◆ INSTRUCTIONS TO FOLLOW: Your task is to copy the data exactly while leaving out every picture.

◆ RECORDED DATA:
↓
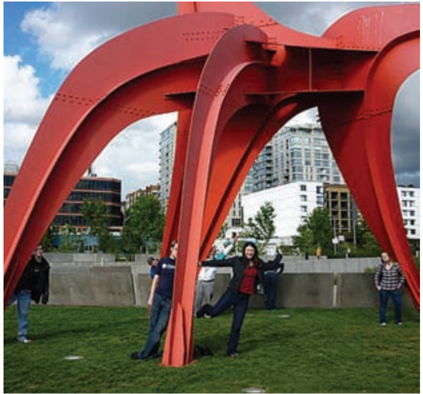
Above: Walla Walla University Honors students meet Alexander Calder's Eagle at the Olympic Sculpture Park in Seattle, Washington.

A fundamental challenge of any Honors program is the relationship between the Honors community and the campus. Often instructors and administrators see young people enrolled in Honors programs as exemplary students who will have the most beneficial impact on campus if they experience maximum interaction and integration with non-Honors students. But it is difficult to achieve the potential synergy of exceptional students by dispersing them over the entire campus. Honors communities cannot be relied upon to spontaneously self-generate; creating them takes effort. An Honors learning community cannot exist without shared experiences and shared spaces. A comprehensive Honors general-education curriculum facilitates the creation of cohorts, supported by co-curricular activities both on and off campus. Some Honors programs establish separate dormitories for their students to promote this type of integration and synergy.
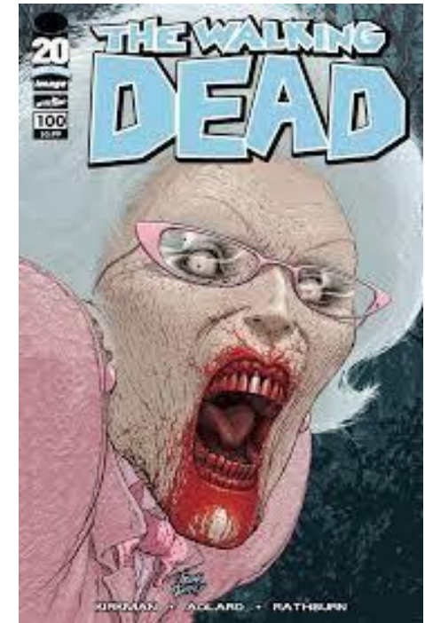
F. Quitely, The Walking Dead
↑
◆ SOLUTION:
Above: Walla Walla University Honors students meet Alexander Calder's Eagle at the Olympic Sculpture Park in Seattle, Washington.

A fundamental challenge of any Honors program is the relationship between the Honors community and the campus. Often instructors and administrators see young people enrolled in Honors programs as exemplary students who will have the most beneficial impact on campus if they experience maximum interaction and integration with non-Honors students. But it is difficult to achieve the potential synergy of exceptional students by dispersing them over the entire campus. Honors communities cannot be relied upon to spontaneously self-generate; creating them takes effort. An Honors learning community cannot exist without shared experiences and shared spaces. A comprehensive Honors general-education curriculum facilitates the creation of cohorts, supported by co-curricular activities both on and off campus. Some Honors programs establish separate dormitories for their students to promote this type of integration and synergy.
F. Quitely, The Walking Dead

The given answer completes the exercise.